A Bench of the Allahabad High Court in Vishwanath v. Emperor1, held that dishonest abstraction of electrical energy would not have been an offence under section 379 of the Indian Penal Code if it had not been for the provision of section 39 of the Electricity Act. Therefore, it was an offence which was created by the section and the Legislature intended that section 50 of the Electricity Act should apply to an offence of this nature. The Bombay High Court in State v. Maganlal Chunilal2, disagreed with the decision in Vishwanath v. Emperor1, and held that the offence of abstraction of energy which is defined in section 39 of the Electricity Act is expressly made an offence punishable under section 379 and is not made an offence under the Electricity Act or any rule, licence or order thereunder and section 50 of the Indian Electricity Act has no application. In In re, P. N. Venkatarama Naicker v. State3, Sadasivam, J., dissented from the decision of the Bombay High Court and followed the Allahabad High Court. The learned Judge expressed the view that dishonest abstraction of electricity is. not punishable under section 379 of the Indian Penal Code, as electricity is not moveable property within section 22 of the Indian Penal Code, since it is not corporeal property. The learned Judge then referred to sections 39 to 46 and 48 and 49 and concluded that the heading of section 39 is theft of energy and it supports, the interpretation that abstraction of electrical energy punishable under section 379 of the Indian Penal Code, read with section 39 of the Electricity Act is an offence against the Indian Electricity Act and the provisions of section 50 should be complied with for a prosecution to be launched. Dishonest abstraction, consumption or use of electrical energy is not theft under section 379 of the Indian Penal Code, for electrical energy is not moveable property under section 22 of the Indian Penal Code. The effect of section 39 of the Indian Electricity Act is to add to the definition in the Indian Penal Code. Instead of providing that dishonest abstraction, consumption or use of energy is punishable under the Act, the section provides that dishonest, abstraction, etc. shall be deemed to be theft within the meaning of the Indian Penal Code.

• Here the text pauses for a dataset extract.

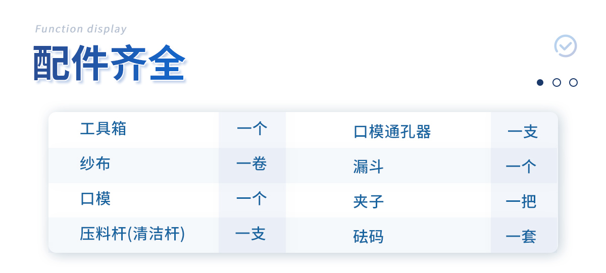 附件:工具箱一個,紗布一卷,口模一個,壓料桿(清潔桿)一支、口模通孔器一支.漏斗一個.夾子一把.砝碼一套.

The effect of section 39 of the Indian Electricity Act is to add to the definition in the Indian Penal Code. Instead of providing that dishonest abstraction, consumption or use of energy is punishable under the Act, the section provides that dishonest, abstraction, etc. shall be deemed to be theft within the meaning of the Indian Penal Code. Therefore, the act of dishonest abstraction, consumption or use of electrical energy is by virtue of section 39 an offence under the Indian Penal Code. A reading of sections 40, 41, 42, 43, 44, 45, 46 and 47 strengthens my view, for except in section 39 in all other sections, the act is made punishable under the various sections of the Indian Electricity Act. For instance, section 40 provides that malicious waste of energy is punishable with imprisonment for a term which may extend to two years. Section 41 provides that contravention of the provisions of section 28 is punishable with a fine of Rs. 3,000. Sections 42, 43, 44, 45, 46 and 47 also provide for punishments for the acts which contravene the provisions of the Indian Electricity Act. Though various other acts are made punishable under the Indian Electricity Act, the dishonest abstraction, consumption or use is deemed to be an offence under the Indian Penal Code and no punishment under the section-is provided for. I am of the view that section 39 only adds to the definition contained in the Indian Penal Code and dishonest abstraction, consumption or use of electrical energy is made an offence punishable under the Indian Penal Code. Therefore, the prosecution for an offence of dishonest abstraction, consumption or use need not be instituted as required under section 50 of the Indian Electricity Act. As I am taking a different view from Sadasivam, J., I consider it is desirable that the matter should be finally decided by a Bench of this Court. The question of law is referred to a Bench. In pursuance of the aforesaid Order of reference, this appeal came on for hearing before a Bench Ramachandra Ayyar, C.J. and Ramakrishnan, J. who directed the appeal to be posted before a Full Bench. The appeal was then heard by a. Full Bench (S. Ramachandra Ayyar, C.J., and Srinivasan and Ramakrishnan, JJ.).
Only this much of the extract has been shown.